Signal preprocessing
HS preprocessing is an essential part to achieve a good identification performance. In this study, the preprocessing includes three steps introduced as follows.
Resampling
In general, HS mainly comprises two components: the first HS (S1) and the second HS (S2). S1 is the transient low-frequency acoustic signals, which is mainly between among 10 and 200 Hz, produced by the vibrations of heart chambers, heart valves and blood in systolic. S2 is produced at the end of systole, following the closure of semilunar valves about aortic and pulmonary [27, 38]. S2 has a higher-pitch than S1, with its frequency range between 20 and 250 Hz [39]. Since the original sampling frequency may cause high computational cost, all recordings are down-sampled at 600 Hz in accordance with Nyquist Sampling Theorem.
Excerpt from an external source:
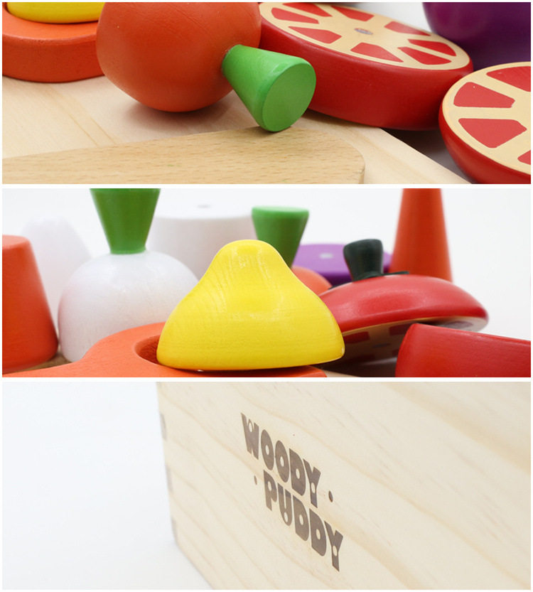 Kids wooden simulation kitchen toy cooking fruit pizza housecake set vegetables boy girl and girl

S1 marking and segmentation
In order to standardize the input length for the model, one strategy was used in this paper to obtain HS frames. Two main steps are involved in this process: marking S1 onset and segmentation HS with fixed frame length.
Marking S1 onset
Positioning the boundaries of HS components is the critical operation of segmentation. A cardiac period contains four states, namely S1, systole, S2 and diastole. Since S1 is the start of a cardiac cycle, the S1 onset is considered as the boundary of frames.
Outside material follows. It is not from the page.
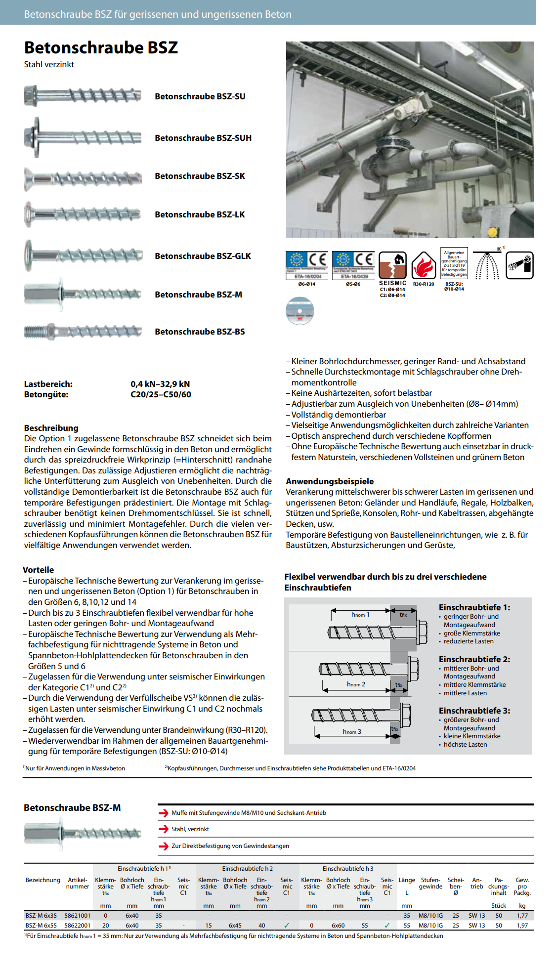 Betonschrauben 6kt.Antrieb mit Innengewinde, BSZ-M verzinkt-blau 6x55/M8-M10 K:15/20

In this paper, logistic regression-based hidden semi-Markov model (LR-HSMM) is selected to localize the onset of S1. The method of LR-HSMM, developed by Springer et al. [40] and verified by Liu et al. [36], is usually treated as the state-of-the-art method for HS segmentation or marking the onset of cycles, which has great robustness in processing noisy recordings. To preserve more details of HS, the step of signal denoising was skipped in this study. Thanks to the advantages of LR-HSMM, the onset of S1 can be located accurately as shown with the dotted line in Fig. 2.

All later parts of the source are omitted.